Une nouvelle loi suisse interdisant de plonger des homards vivants dans l'eau bouillante pour les faire cuire a fait sourire dans les Maritimes, mais un chercheur estime que cette décision n'est pas basée sur une opinion farfelue.

Il est « très probable » que les homards souffrent lorsqu’ils sont bouillis vivants.
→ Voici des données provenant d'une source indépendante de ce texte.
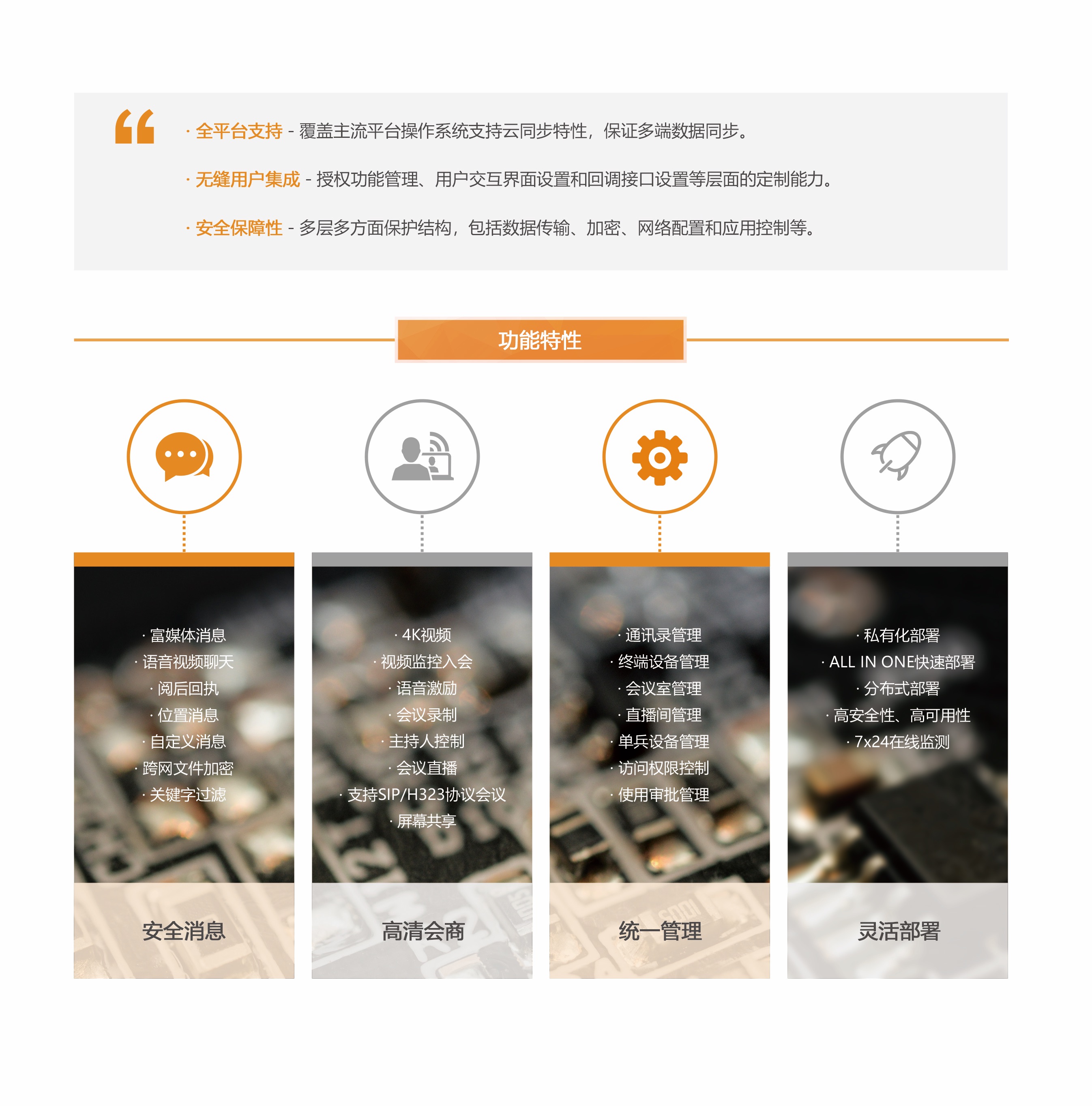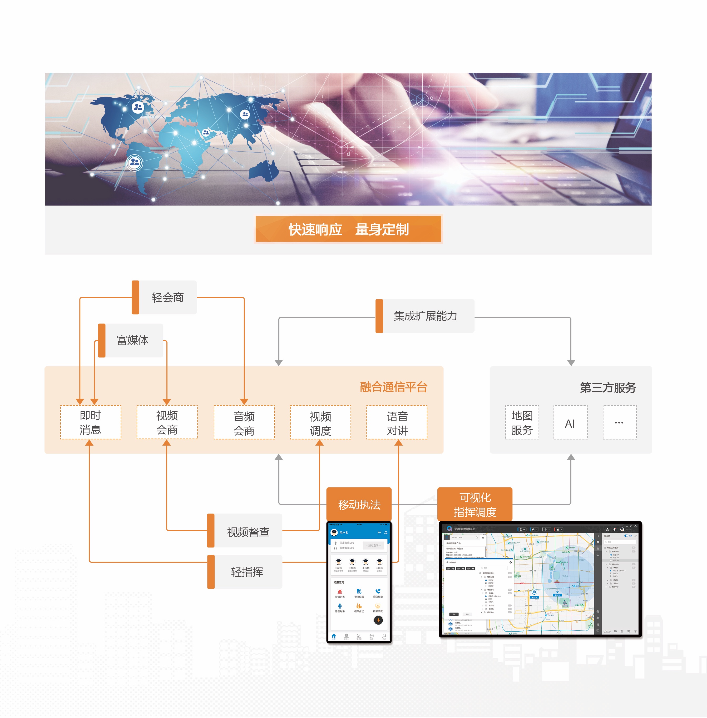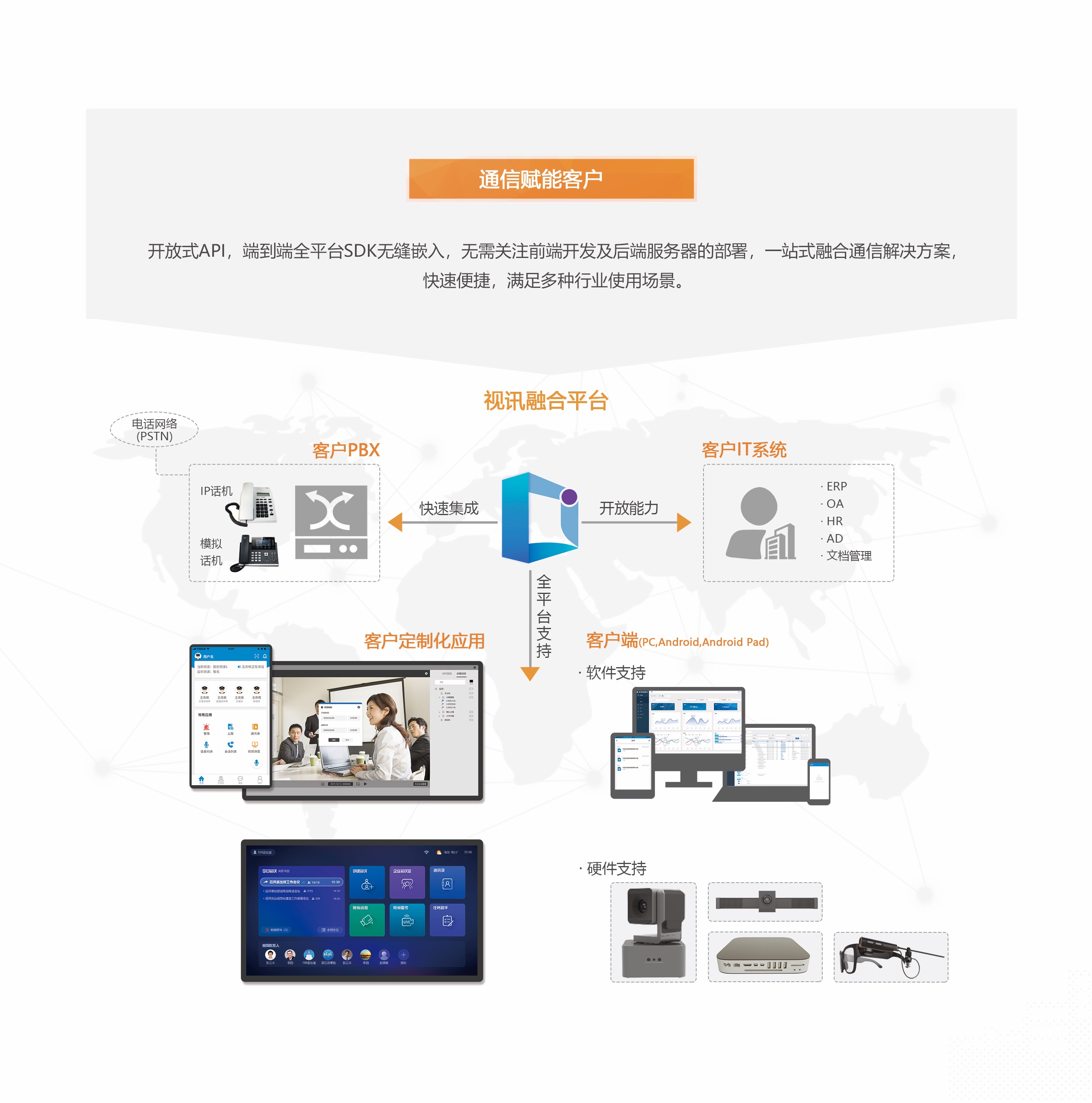 視訊融合平臺采用云架構(gòu)設(shè)計理念,使用多種核心技術(shù)優(yōu)化移動網(wǎng)絡(luò)下音視頻傳輸,保障用戶在波動的網(wǎng)絡(luò)環(huán)境下也能達到最佳的音視頻交互體驗。平臺支持視頻會議、即時消息、監(jiān)控調(diào)度、視頻圖傳、可視化地圖等多種功能,提升了用戶協(xié)作;支持桌面終端、移動終端、智能視訊終端等多種類型終端接入,保障用戶任意時間、任意地點、任意方式,都可以享受到高品質(zhì)的通信服務(wù)。 平臺具備超大容量、多形態(tài)部署、多種通信模式、靈活權(quán)限控制、統(tǒng)一通訊錄集成等特性,同時還通過開放式接口,提供強大的用戶定制功能,滿足多種行業(yè)使用場景。

C’est la conclusion à laquelle est arrivé, après plus d’une décennie de recherches, Robert Elwood, professeur émérite en comportement animal à l’Université Queen's de Belfast, en Irlande du Nord.

« Quand j’ai commencé à étudier la question, je croyais cette conclusion très improbable », avoue-t-il.

Dans le cadre de ses travaux, le professeur Elwood a réalisé une série d’expériences visant à déterminer si les crustacés ressentaient de la douleur, ou ne faisaient que réagir par réflexe à certaines actions.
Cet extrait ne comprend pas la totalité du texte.